The Reserve Bank of India issued a draft framework to set up self-regulatory organisations (SROs), which will be responsible for setting and enforcing rules for Payment Systems Operators (PSOs), on August 18. The SRO, among other things, will have to cover operators in all segments of payment systems, and will be expected to observe best practices on security, customer protection and competitiveness. They will also serve as a two-way communication channel between the payment system operators and the RBI, and work towards establishing minimum benchmarks and standards in the payments space (more on that below). Comments on the draft framework can be sent to the central bank until September 15 at firstname.lastname@example.org.
“As the payment ecosystem matures and as the number of payments systems proliferate, it becomes necessary, in the interest of optimal use of regulatory resources, that the payments industry develops industry standards in respect of system security, pricing practices, customer protection measures and grievance redressal mechanisms.
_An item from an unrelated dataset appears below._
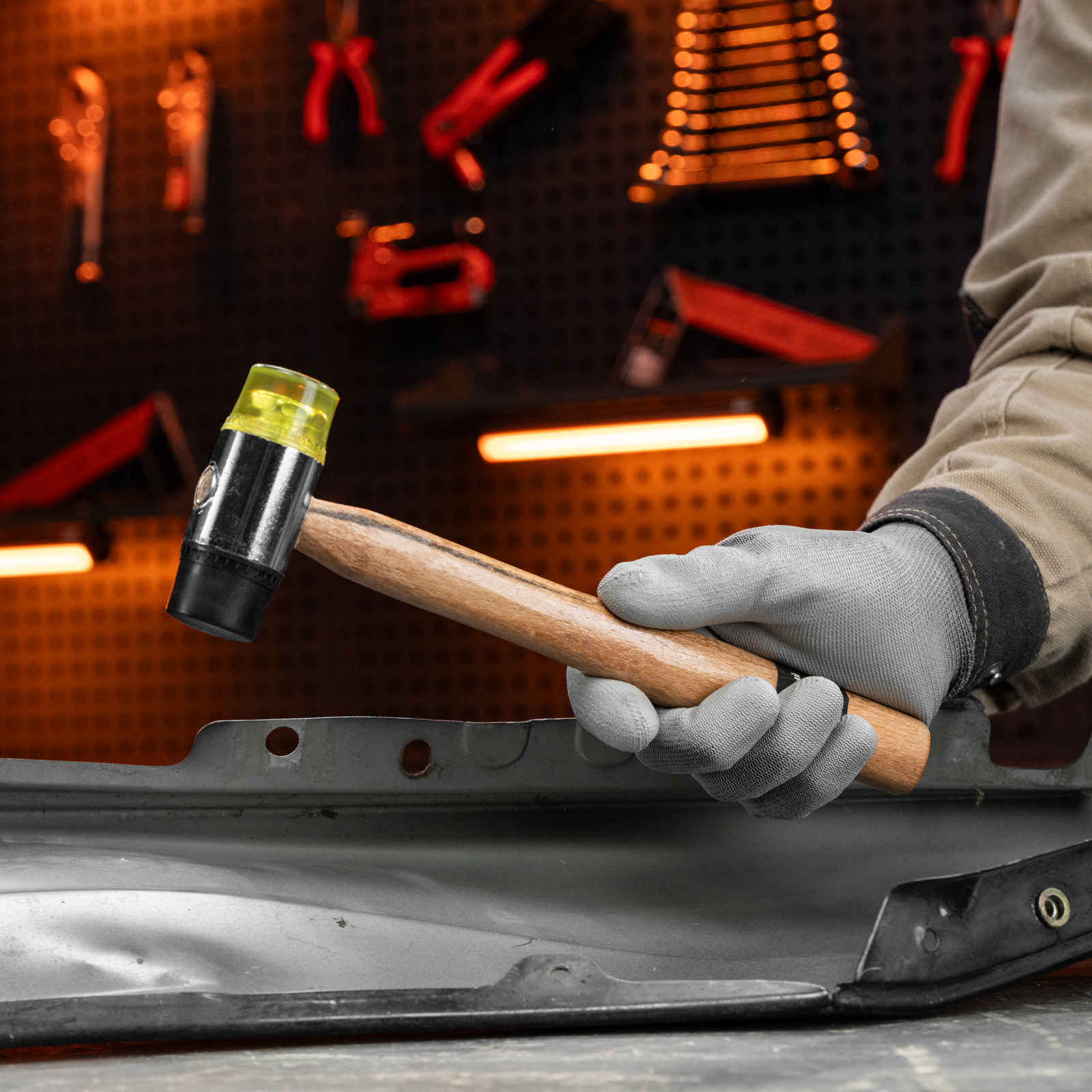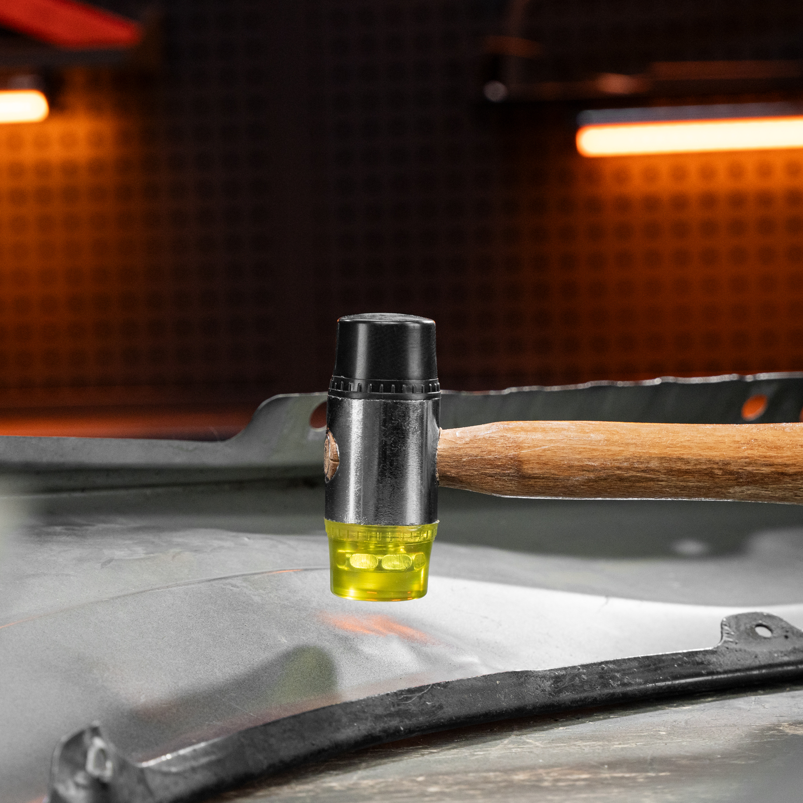 Рихтовочный молоток Sparta 108305 с бойками диаметром 35 мм, комбинированной головкой и деревянной ручкой, предназначен для выпрямления деформированного листового металла или более мягких материалов. Не повреждает поверхность при ударах. Будет полезен в слесарной мастерской, в гараже, а также дома или на даче.

While self-regulation would release regulatory resources that can be better focused on issues of systemic importance, it would, by virtue of being developed by the industry itself, be more appropriate and encourage better compliance,” RBI said in the draft framework.
Proposed functions of an SRO
A recognised self-regulatory organisation will have to:
- Establish minimum benchmarks and standards for its members, and will have to “promptly” inform the RBI in case of any violation of the Payments and Settlement Systems Act or any other regulation issued by the central bank
- Have “modern surveillance” methods to enable it to monitor even the most complex systems and ensure that standards are followed for all systems
- Set up an “uniform” grievance redressal and dispute management framework across its members.
- Conduct or promote research and development for “creating a secure and safe digital payments ecosystem”
- “Investigate” any matter referred to by the RBI
- Provide information such as data, sought by the Reserve Bank periodically or as requested
- Address concerns beyond the self-interest of its membership, including consumer protection. “It shall play an important role in supplementing and complementing the present regulatory / supervisory. arrangements.”
Eligibility to be an SRO
The organisation will be set up as a not-for-profit company under the Companies Act, and the RBI will have the right to clear appointments of “important positions” in the SRO’s governing body. Apart from, that:
- Any group or association of payment system operators that want to be recognised as an SRO by the RBI will need to have a majority of members from the industry segment it seeks to represent
- The SRO will need to have clear bye-laws, specifying the criteria for admission of members and the functions it will discharge, as one of its main objects, among other things.
The RBI had first proposed setting up a self-regulatory body for payment system operators in February. A similar recommendation was also made by a RBI-appointed committee, headed by technocrat Nandan Nilekani, where the panel had proposed setting up a self regulatory organisation for NBFC Account Aggregators.
*Update: We had incorrectly referred to the Payments Council of India as a self regulatory body when it is in fact an industry body, as clarified by Srikanth L of Cashless Consumer. We have removed the reference to PCI. Error is regretted.